2.2. The Human Gut Microbiota: A Key Role in Maintaining Host Homeostasis

The human gut microbiota is constituted by trillions of microorganisms (bacteria, viruses, fungi, and other protozoa) living at the surface of the mucosa [13][14]. These microorganisms harbor 150 times more genes than the human genome and are essential for health [15]. Nonexistent at the fetal stage, the microbiota rapidly diversifies during infancy with bacteria that metabolize lactose in the first place. When solid food is introduced, a shift to carbohydrate, protein, and fat-metabolizing bacteria occurs [16].

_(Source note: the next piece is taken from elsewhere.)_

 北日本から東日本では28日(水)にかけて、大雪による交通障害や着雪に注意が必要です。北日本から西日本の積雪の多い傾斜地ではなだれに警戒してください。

In addition to its role as a barrier against pathogens, the intestinal microbiota participates in the production of essential nutrients such as vitamin K and vitamin B [17]. Indeed, germ-free rats and thus deprived of intestinal microbiota were shown to need greater intakes of these vitamins compared to mice raised in a normal environment [18][19]. Moreover, bacteria belonging to the Firmicutes phylum are able to produce short-chain fatty acids (SCFA) acetate (C2), propionate (C3), and butyrate (C4) as the main products of anaerobic fermentation, which represent the main source of energy for the colonic epithelial cells [20]. Bacteria living in the mucus layer also play a role in its maturation and recycling [21].

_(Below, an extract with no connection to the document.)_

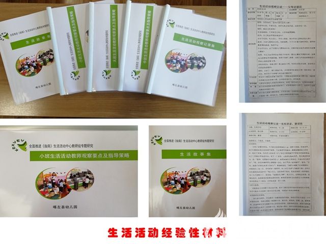 喀左縣幼兒園非常注重經(jīng)驗材料的整理與梳理。隨著實驗工作的開展,陸續(xù)整理形成了《小、中、大班生活活動教師觀察要點及指導策略》,將可以觀察到的行為作為觀察的指標,教師們在活動中充分觀察,尋找解決措施。經(jīng)過實踐,此表內(nèi)容具體、指向清晰、記錄簡便,教師用起來得心應手。同時幼兒園還整理出了《生活活動觀察記錄集》《生活活動案例集》以及《生活故事集》并整理成冊。

Another major role of the microbiota is in the modulation of the immune system and enteric nervous system, which are constantly stimulated and shaped by the microbial antigens [22][23]. Indeed, germ-free mice fed with sterile food exhibit altered enteric nervous systems compared to normal mice as well as altered immune responses (systemic T and B response deficiencies) [24][25], suggesting that exposure to microbial antigens is essential to educate a healthy immune system modulating both the innate and the adaptive immunity. Among these microbial compounds: SCFA secreted by some anaerobic bacteria were shown to harbor important modulatory properties toward the immune system. They appear to be major modulators of cytokine production (TNF-α, IL-2, IL-6, and IL-10) and migratory properties of leukocytes [26]. Pattern recognition receptors (PRRs), such as Toll-like receptors (TLRs), are important sensors of the microbiota present at the surface of epithelial cells and innate immune cells. For instance, Lipopolysaccharide (LPS), a key component of Gram-negative bacteria cell walls, creates a strong inflammatory response by macrophage and monocyte with production of IL-1β, TNFα, IL-6, and monocyte chemoattractant protein 1 (MCP-1) [27]. On the other hand, polysaccharide (PSA) arising from Bacteroides fragilis colonization activates anti-inflammatory genes in TLR1-TLR2-dependent way and drives naive CD4 T cell and B cells toward regulatory phenotypes (IL-10 and IL-12-producing cells) [28][29], attenuating inflammation. Moreover, certain strains of commensal Clostridia are known to be strong regulatory T cell inducers [30].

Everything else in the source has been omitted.